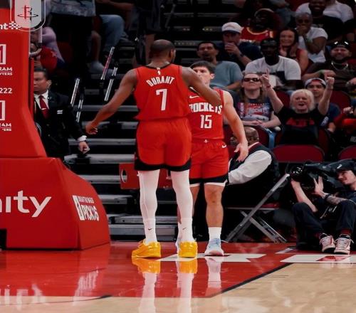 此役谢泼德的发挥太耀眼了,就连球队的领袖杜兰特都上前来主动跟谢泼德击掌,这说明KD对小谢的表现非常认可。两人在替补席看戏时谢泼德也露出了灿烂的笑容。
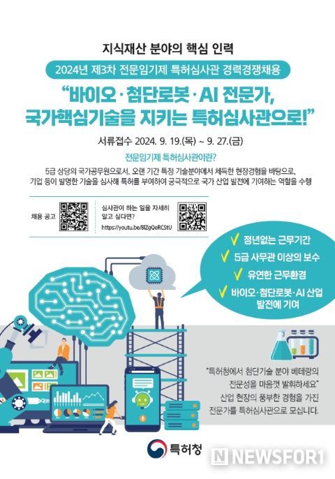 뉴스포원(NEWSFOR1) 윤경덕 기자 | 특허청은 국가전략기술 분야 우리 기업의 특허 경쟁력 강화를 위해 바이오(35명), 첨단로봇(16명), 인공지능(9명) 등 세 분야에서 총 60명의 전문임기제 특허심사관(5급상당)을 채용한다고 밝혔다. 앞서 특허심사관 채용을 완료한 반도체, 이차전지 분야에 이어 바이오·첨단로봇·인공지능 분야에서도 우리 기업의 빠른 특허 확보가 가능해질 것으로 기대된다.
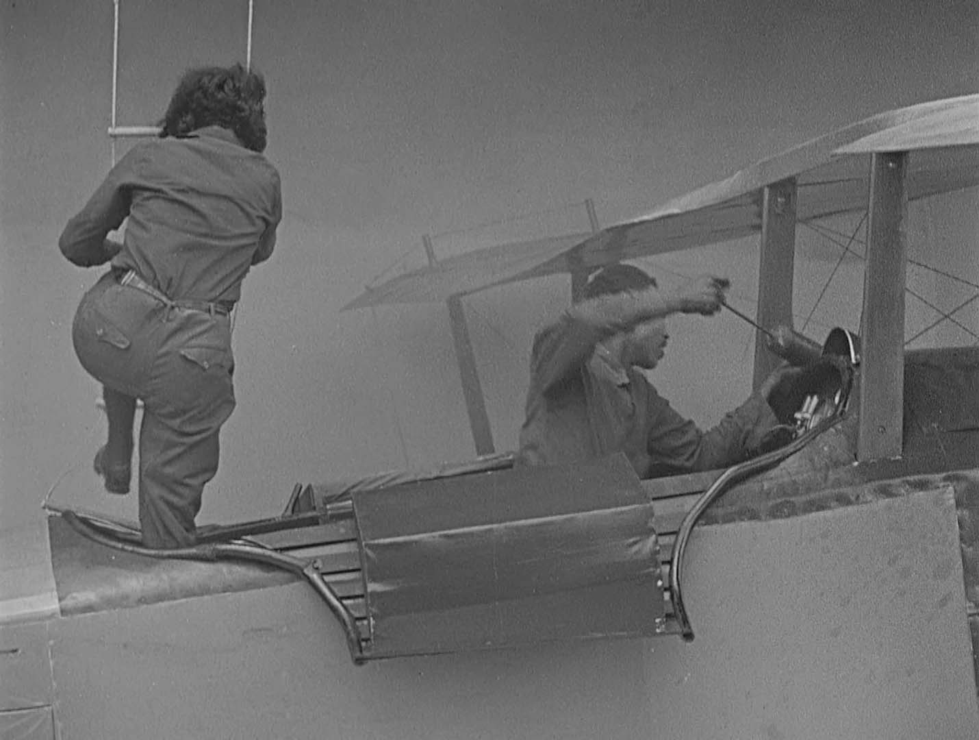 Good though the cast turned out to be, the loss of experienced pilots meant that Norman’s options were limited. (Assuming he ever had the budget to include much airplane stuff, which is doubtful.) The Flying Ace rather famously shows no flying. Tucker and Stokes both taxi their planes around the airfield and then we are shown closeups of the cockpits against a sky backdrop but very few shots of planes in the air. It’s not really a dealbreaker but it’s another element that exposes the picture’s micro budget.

----------

- **Requirement**
For every line above, produce an exact transcription that omits the images.

- **Completed exercise**
 此役谢泼德的发挥太耀眼了,就连球队的领袖杜兰特都上前来主动跟谢泼德击掌,这说明KD对小谢的表现非常认可。两人在替补席看戏时谢泼德也露出了灿烂的笑容。
 뉴스포원(NEWSFOR1) 윤경덕 기자 | 특허청은 국가전략기술 분야 우리 기업의 특허 경쟁력 강화를 위해 바이오(35명), 첨단로봇(16명), 인공지능(9명) 등 세 분야에서 총 60명의 전문임기제 특허심사관(5급상당)을 채용한다고 밝혔다. 앞서 특허심사관 채용을 완료한 반도체, 이차전지 분야에 이어 바이오·첨단로봇·인공지능 분야에서도 우리 기업의 빠른 특허 확보가 가능해질 것으로 기대된다.
 Good though the cast turned out to be, the loss of experienced pilots meant that Norman’s options were limited. (Assuming he ever had the budget to include much airplane stuff, which is doubtful.) The Flying Ace rather famously shows no flying. Tucker and Stokes both taxi their planes around the airfield and then we are shown closeups of the cockpits against a sky backdrop but very few shots of planes in the air. It’s not really a dealbreaker but it’s another element that exposes the picture’s micro budget.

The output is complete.